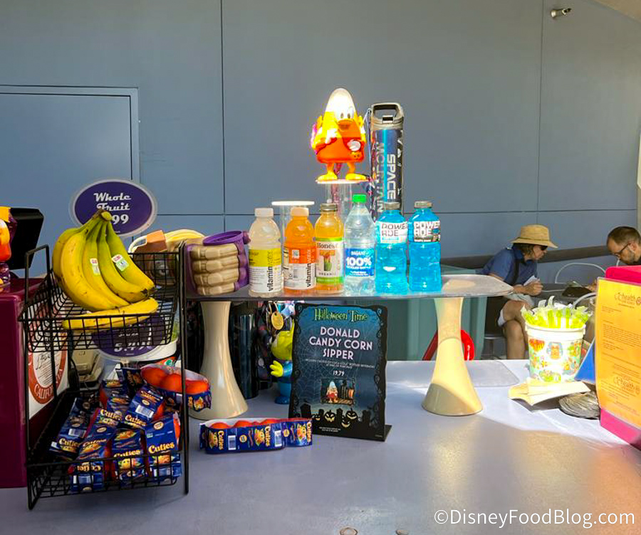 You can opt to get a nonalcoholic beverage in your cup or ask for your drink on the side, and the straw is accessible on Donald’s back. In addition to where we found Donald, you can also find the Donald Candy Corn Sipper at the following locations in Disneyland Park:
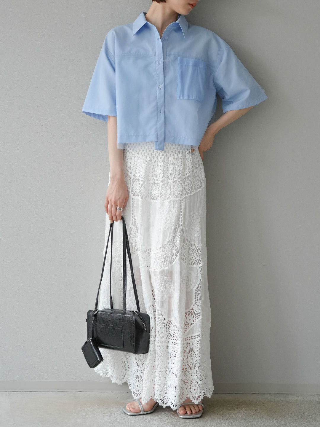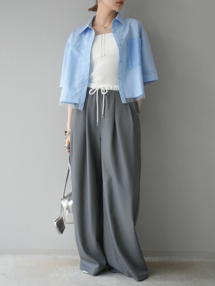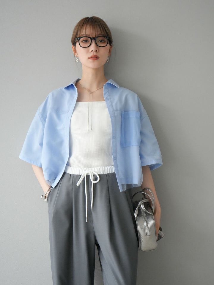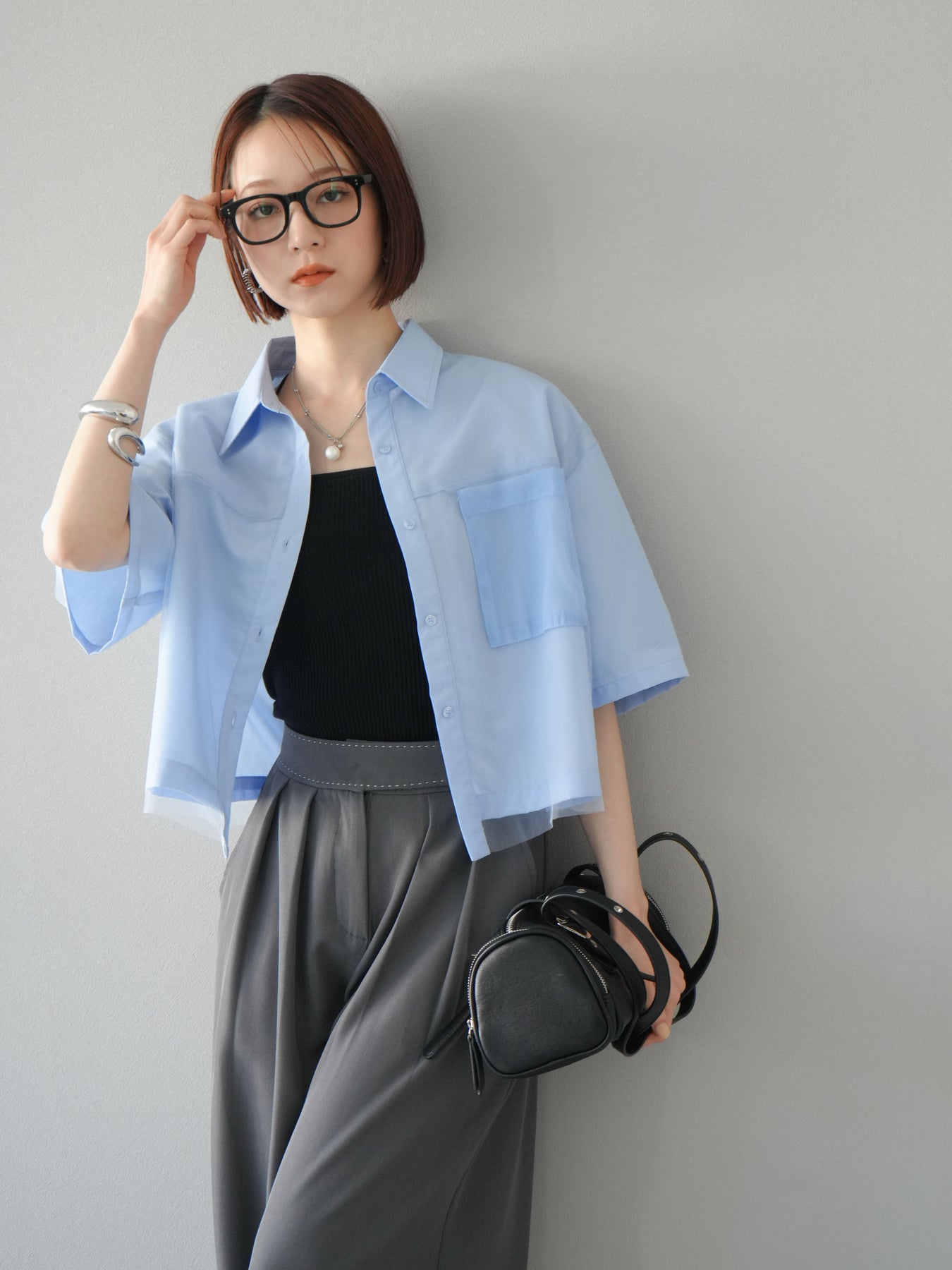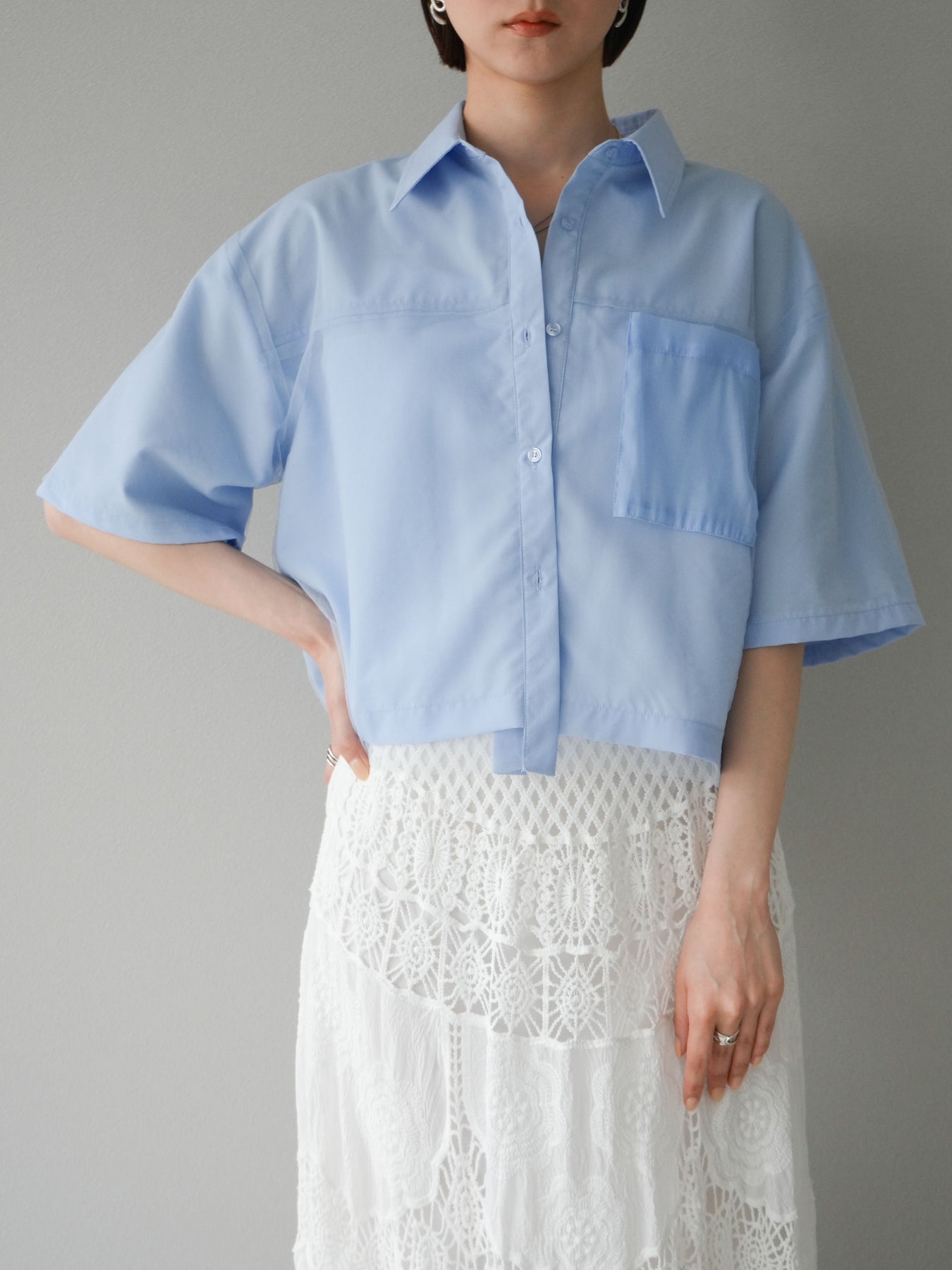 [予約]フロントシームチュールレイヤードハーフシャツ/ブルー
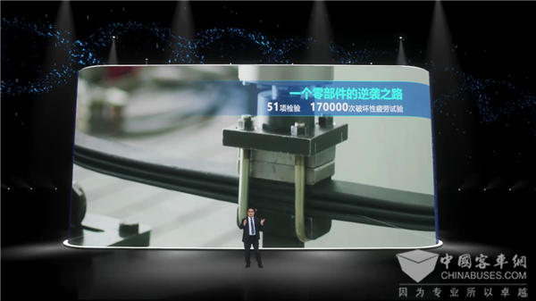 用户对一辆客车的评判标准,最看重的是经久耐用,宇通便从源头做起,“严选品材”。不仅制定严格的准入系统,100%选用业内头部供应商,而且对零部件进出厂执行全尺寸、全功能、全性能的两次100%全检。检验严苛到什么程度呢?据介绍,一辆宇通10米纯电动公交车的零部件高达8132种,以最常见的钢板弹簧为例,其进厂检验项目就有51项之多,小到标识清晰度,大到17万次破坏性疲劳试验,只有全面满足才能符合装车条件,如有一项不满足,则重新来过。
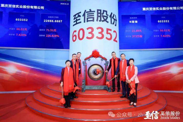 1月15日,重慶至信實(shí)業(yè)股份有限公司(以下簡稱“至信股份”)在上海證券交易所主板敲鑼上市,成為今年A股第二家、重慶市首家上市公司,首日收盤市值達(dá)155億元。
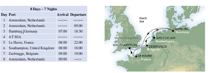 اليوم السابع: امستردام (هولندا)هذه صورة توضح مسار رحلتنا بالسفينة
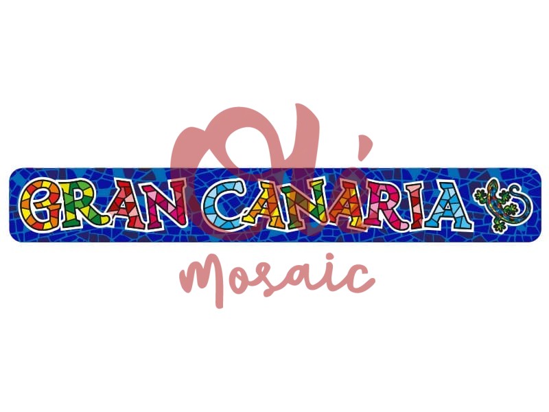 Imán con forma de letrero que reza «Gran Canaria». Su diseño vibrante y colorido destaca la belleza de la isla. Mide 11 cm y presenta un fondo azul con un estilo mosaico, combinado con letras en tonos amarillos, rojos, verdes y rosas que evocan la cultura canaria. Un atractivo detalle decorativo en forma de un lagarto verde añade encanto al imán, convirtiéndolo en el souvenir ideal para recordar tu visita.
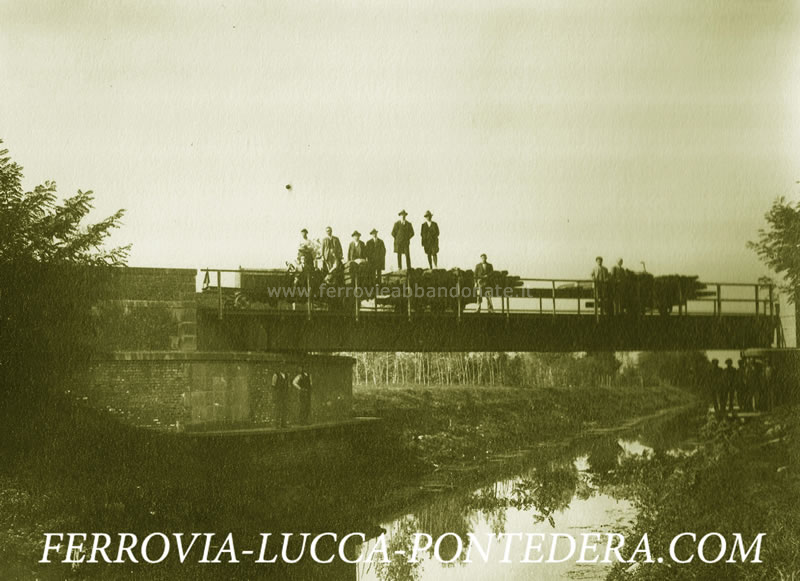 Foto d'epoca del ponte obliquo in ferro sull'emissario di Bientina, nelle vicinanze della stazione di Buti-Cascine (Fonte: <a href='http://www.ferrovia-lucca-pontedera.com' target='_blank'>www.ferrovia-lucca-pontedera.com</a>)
◇ ◇ ◇
From the line with "اليوم السابع: امستردام" through the final line of the data above, copy everything exactly, both ends included, but not the pictures.

 اليوم السابع: امستردام (هولندا)هذه صورة توضح مسار رحلتنا بالسفينة
 Imán con forma de letrero que reza «Gran Canaria». Su diseño vibrante y colorido destaca la belleza de la isla. Mide 11 cm y presenta un fondo azul con un estilo mosaico, combinado con letras en tonos amarillos, rojos, verdes y rosas que evocan la cultura canaria. Un atractivo detalle decorativo en forma de un lagarto verde añade encanto al imán, convirtiéndolo en el souvenir ideal para recordar tu visita.
 Foto d'epoca del ponte obliquo in ferro sull'emissario di Bientina, nelle vicinanze della stazione di Buti-Cascine (Fonte: <a href='http://www.ferrovia-lucca-pontedera.com' target='_blank'>www.ferrovia-lucca-pontedera.com</a>)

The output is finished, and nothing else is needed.